AVAILABLE DATA:

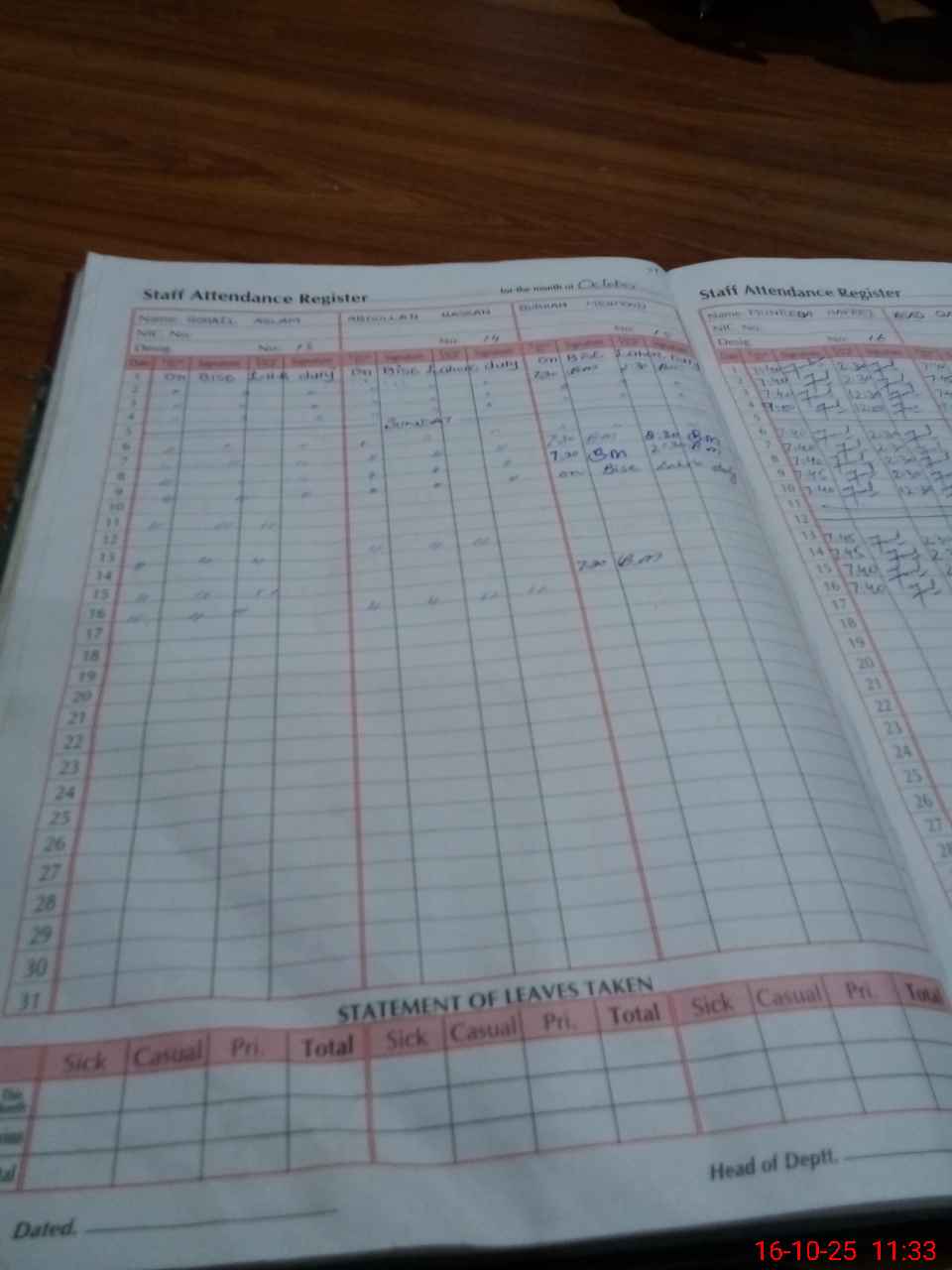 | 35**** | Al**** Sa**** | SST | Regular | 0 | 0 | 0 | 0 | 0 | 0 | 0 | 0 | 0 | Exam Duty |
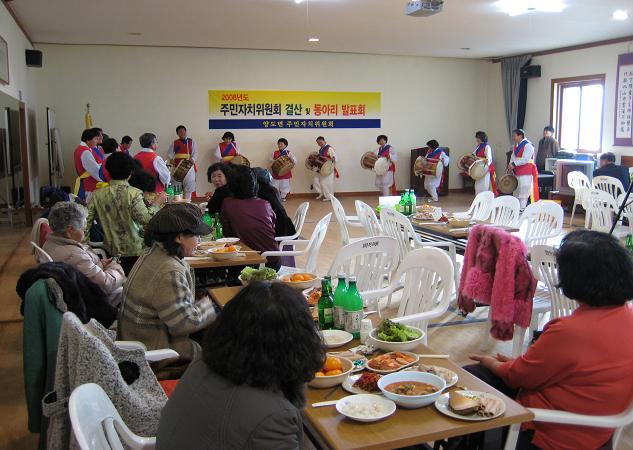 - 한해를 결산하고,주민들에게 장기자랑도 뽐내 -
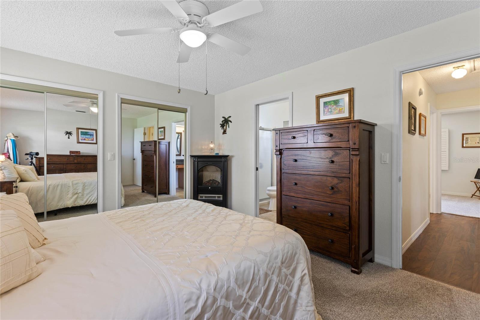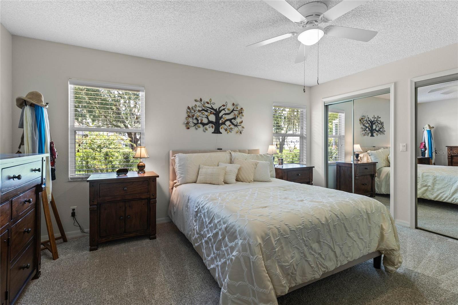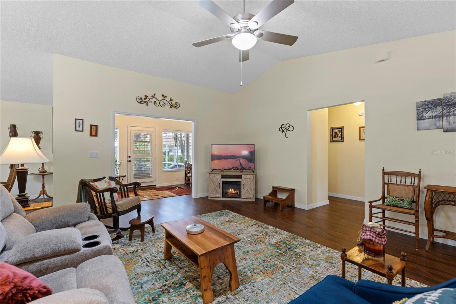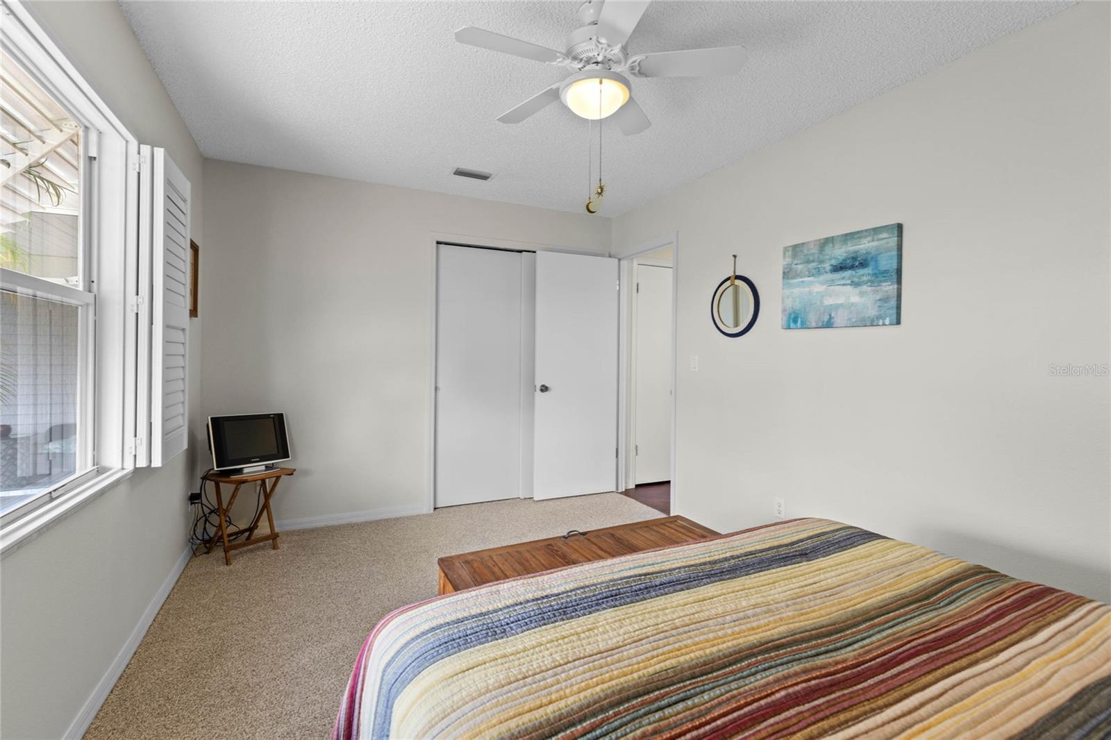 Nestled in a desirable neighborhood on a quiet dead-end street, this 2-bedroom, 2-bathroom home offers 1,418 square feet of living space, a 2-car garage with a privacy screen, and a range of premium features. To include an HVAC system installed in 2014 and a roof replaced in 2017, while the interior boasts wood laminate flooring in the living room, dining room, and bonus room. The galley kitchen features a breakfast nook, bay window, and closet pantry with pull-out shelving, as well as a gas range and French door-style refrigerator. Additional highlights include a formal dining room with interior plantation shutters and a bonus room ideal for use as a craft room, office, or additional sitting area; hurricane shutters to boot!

TO DO:
Going from the line with "- 한해를 결산하고,주민들에게" to the last line of the listing, write out each line exactly and nothing else. Leave out all pictures.

SOLUTION FOR THIS EXERCISE:
 - 한해를 결산하고,주민들에게 장기자랑도 뽐내 -
 Nestled in a desirable neighborhood on a quiet dead-end street, this 2-bedroom, 2-bathroom home offers 1,418 square feet of living space, a 2-car garage with a privacy screen, and a range of premium features. To include an HVAC system installed in 2014 and a roof replaced in 2017, while the interior boasts wood laminate flooring in the living room, dining room, and bonus room. The galley kitchen features a breakfast nook, bay window, and closet pantry with pull-out shelving, as well as a gas range and French door-style refrigerator. Additional highlights include a formal dining room with interior plantation shutters and a bonus room ideal for use as a craft room, office, or additional sitting area; hurricane shutters to boot!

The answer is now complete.